It's disturbing to me that many tend to equate "sin nature" to "human nature". I can say it no more plainly - This is destructive.
Case in point - it is completely in my nature to want to give my girls big hugs and praise them when they've done well. It s completely in my nature to want to want to be intimate with my wife. Most people would believe these things are good.
It is also completely within my nature to occasionally want to kick someone in the teeth, or be intimate with women who aren't, in fact, my wife. The vast bulk of those who make up any sort of moral standard distribution in the bell curve sense related to this certainly agree that these things would be BAD.
I am able, without too much undue intellectual exertion, to think of twopossibilities; the evolutionary and the religious.
1 - evolutionary: Humanity has evolved a nature without any intervening divinity.

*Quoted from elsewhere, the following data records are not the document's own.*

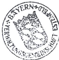
Rosalinde Schraud 1. Bürgermeisterin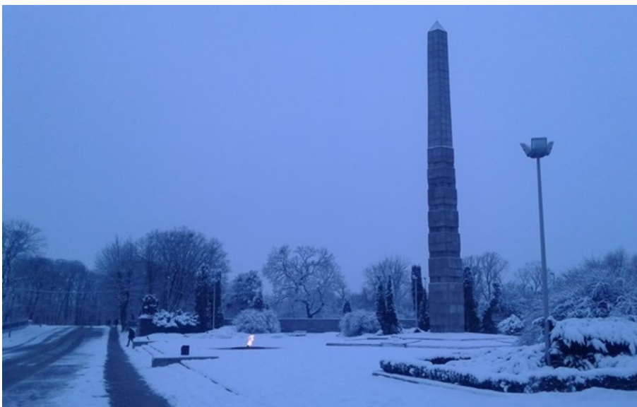
Фото: Російські ЗМІ (ілюстративне фото)

ЗМІ зазначають, що чоловік написав на снігу "Ні війні" і підпалив себе близько п'ятої ранку, а тіло виявив перехожий о 6:40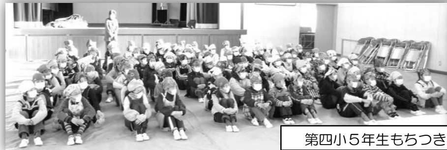
第四小5年生もちつき支援(教育部会) 12月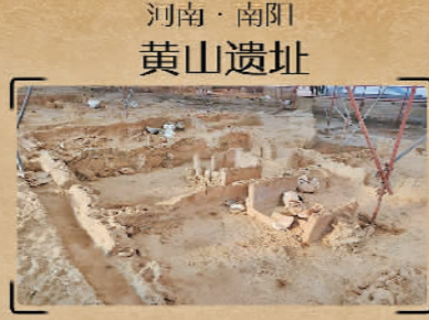
河南·南阳黄山遗址

Because of interactions between the actions brought about by this nature and the environment in which my ancestors lived, certain traits have led to more success in survival and the production of offspring than have others.
Due to the complexities inherent in the higher order species, these traits are, at time, at odds one with another. Example - most modern human males experience a tension between the urge to spread the genes (not my wife) vs. nurture existing offspring and strengthen family (wife). These dual options present the tension between quality vs. quantity, and are further complicated by the evolution of predatory species which use our reproductive traits against us, much in the same way a hunter would use deer musk.
In this model, right and wrong are simply constructs of our highly evolved social nature that we have superimposed over an essentially a-moral process.
2 - religious: Jeanie's explanation is one of the more sensible treatments of the sin nature that I've encountered.
She seems to be proffering (at the risk or speaking for her by elaborating on her assertions) that sin nature is a specific subset of human nature. More explicitly, it is a tendency to self-centered behaviors that are not only destructive to the community, but either directly or indirectly to one's self. The sin nature is, therefore, the egocentricity with which we are all born.
It is not difficult to recognize the process of socialization that begins shortly after birth, during which we learn empathy for others and are taught things like how to live with one another, good citizenship, etc. It seems obvious to me that this is not a spiritual or religious process, at least not in the strictest sense, although it could be argued that it is in the sense that absolutely everything bout a homo religiousous (humanity) is in some way religious or spiritual.
If we accept Jeannie's definition of the sin nature, and accept that the religious experience is essentially that of the subverting of the sin nature to something higher, where does that leave us?
It would seem that this is a long lived process, essentially spanning religious and non-religious activities and, in most cases I'm sure, the vast bulk of one's years on earth. Some are extremely successful (Mother Theresa, for example), and others fail miserably.
So, what factors play into this process? How much is rooted in the spiritual, and how much the biological? (or, is there even a distinction to be made?)
And, if this is a process, what is to be made of this crazy doctrine of sanctification?